Men, a tale of triumph:
Yesterday I was arguing with a foolish young female freshman at my college – in the middle of class. Neither of us had any real point, except to outwit and embarrass the other. Twenty minutes after our little tiff began, the class ended, and so did our tiff. I tried to forget about the incident.
I returned to my apartment after class and got ready to go to the gym. But I knew that this brief burst of motivation wouldn’t last all the way to 23rd street. Instead, I ate a bunch of Valentines Day candy (the benefit of having secret admirers) and gazed at my already awesome muscles, while reciting in the mirror “Are you not entertained?!” I was entertained.
Anyway, I looked good. But I decided to move on, so I walked into the living area of my two-room apartment, yelled at my roommates for watching figure skating, and logged onto Facebook to see if any cute girls had “friended” me. I was disappointed. The only thing waiting for me was a red flag in my notification box. I clicked on the flag to find that the same foolish female that wasted my intellectual time during class was back for round two.
Apparently she recognized that I had won the first match, and wanted to reestablish her emotional confidence. This is basically how it went: she dissed me, I was cordial, she dissed me again, I was merciful, she tried a third time, I punished her. My comment was a well-blended cocktail of intellectual knowledge, cleverly placed personal slams, and condescension. I even threw in some philosophy and references to vector calculus for kicks. I never got a response so I guess I won.
There isn’t a moral to this story, just a rule.
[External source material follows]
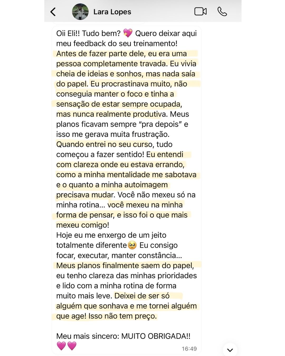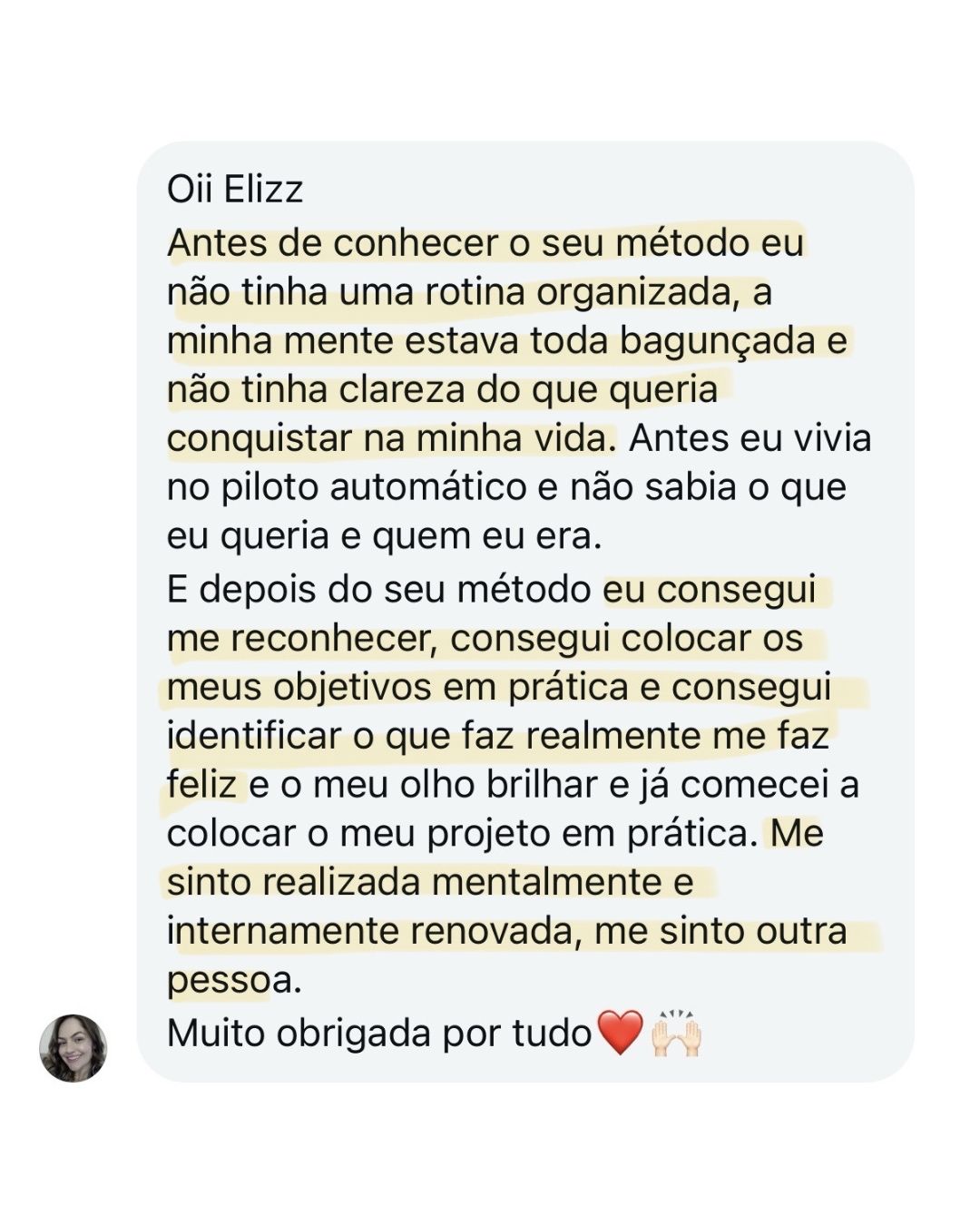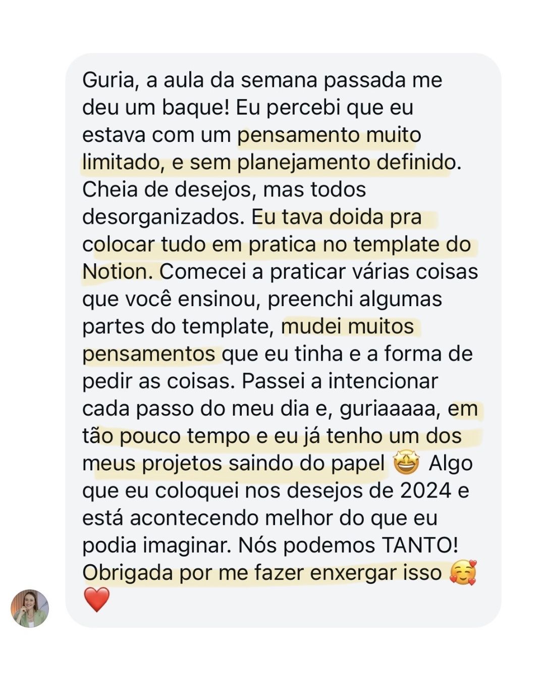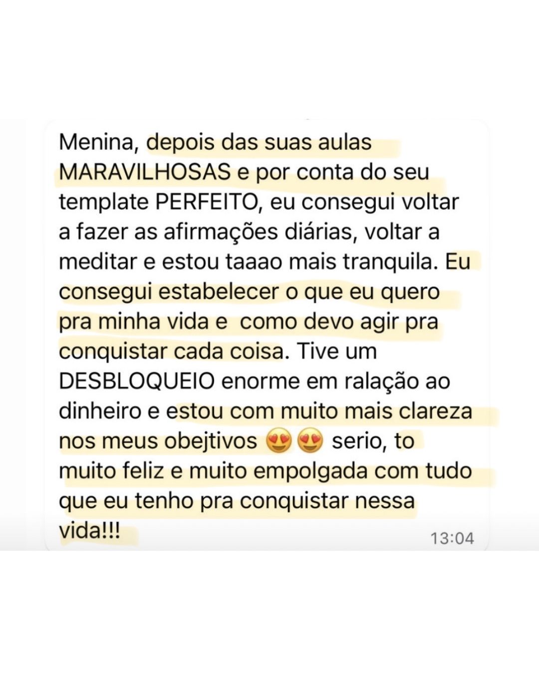 Muitas alunas relatam mudanças de perspectiva já nas primeiras aulas. Resultados concretos na vida, nos negócios e nas finanças aparecem gradualmente à medida que você aplica os protocolos. Por isso, o acesso é de 1 ano — para que você aplique, ajuste e sustente.

Men are born with the innate ability to be logical and witty. Thus, when it comes to debates, men are the house (in casino terms), and the house never loses. A female might be able to go on a run, but she can never beat the house. The only part of the house that a female really needs to worry about is the kitchen (and the laundry). Leave the business negotiations to the big boys – strike the “big.”
Note: I was just served cheese and crackers by this young lady. The universe is in order.
Great stuff, very inspirational.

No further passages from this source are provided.